Analyzing whether a relationship changes after an event


New Member
I apologize in advance if this is worded poorly.

Let's say I have a strong correlation between two variables like political interest and voting participation.

After an unexpected event (disaster), the observable participation rate skyrockets.

How can I analyze whether or not the event itself had an effect on voting participation (and/or political interest)?

Furthermore, how can I analyze whether this is a unique event or part of a cycle? All of the information I'm finding about time series analysis is for forecasting.

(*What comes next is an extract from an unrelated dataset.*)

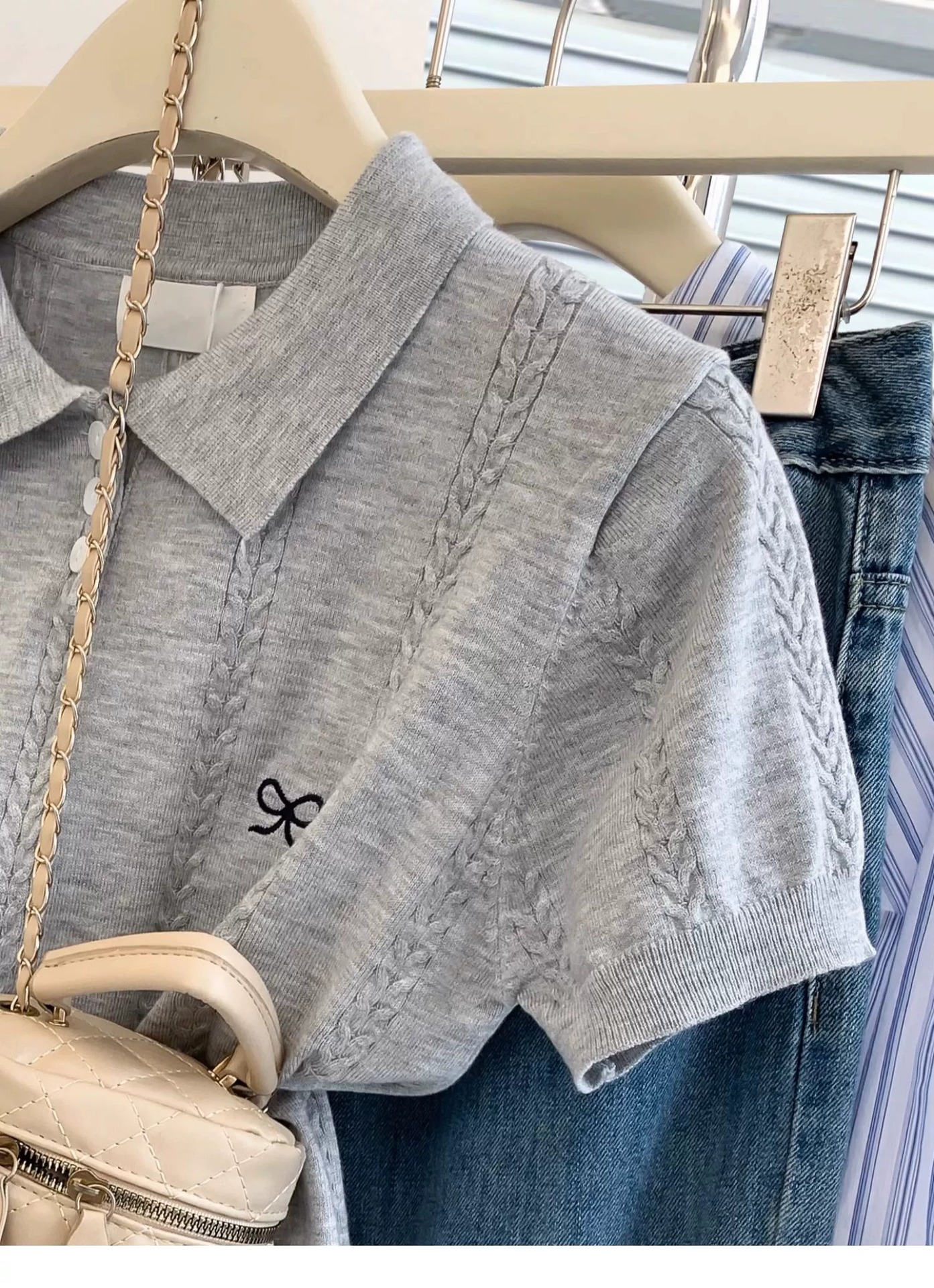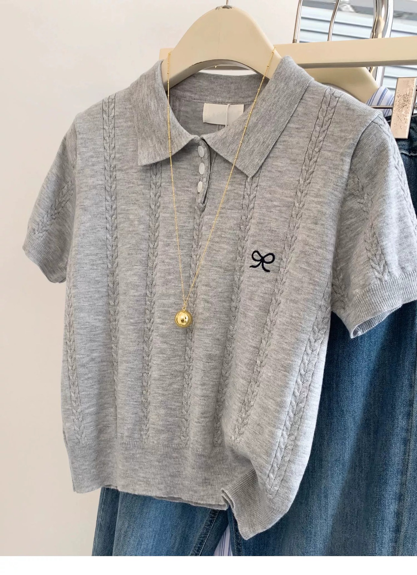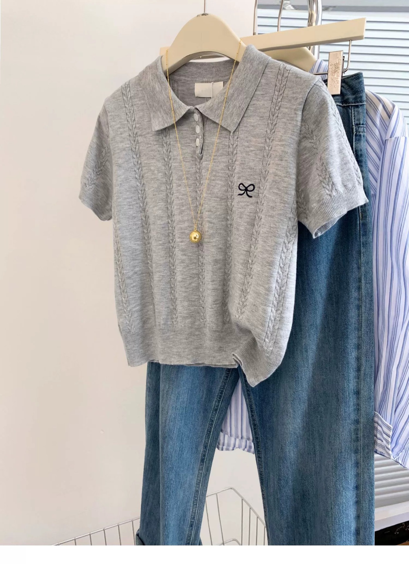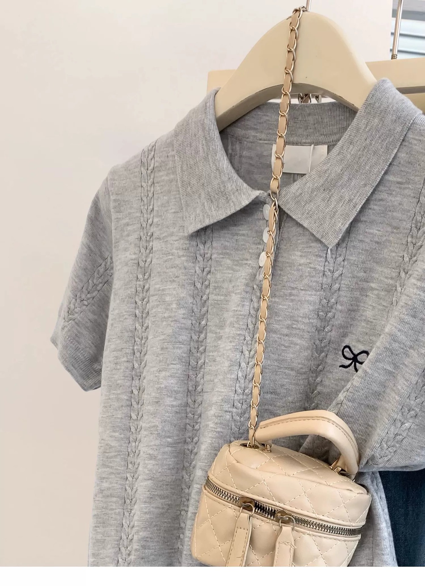 회색 어깨 폴로 목 활 니트 반팔 티셔츠 여성용 2025 여름 슬림 룩 우아한 엘 아이스 실크 탑스토어 가기

Less is more. Stay pure. Stay poor.
It will be hard to figure out unless the exposure is randomized. One thing you could do is find another population not exposed to show they did not have the same jump (interrupted time series with control group).


New Member
Regrettably according to the literature, it was such a major event it had repercussions both politically, but also for civil society. Because this affected the entire country to some degree, I don't think I can find any sampling data to use as a control.

What I was thinking of is doing a forecast using pre-event variables, for the post-event period. Then using those results to compare to the actual post-event data, but I don't know if that would be at all meaningful.

Ultimately what I want to look at is whether that relationship between my two variables changed significantly following the event.


No cake for spunky
You can try something like interrupted time series with controls.

Find an area where the intervention did occur and one where it did not occur. Plot the correlation before and after the intervention where it did occur. Plot the correlation at the same time frame in the area where it did not occur. See how the correlation differs in both areas after the intervention. The change or lack of change in the intervention will clue you in to this.

Note this is not formal proof. It is not a statistical test per se. You are just using judgement.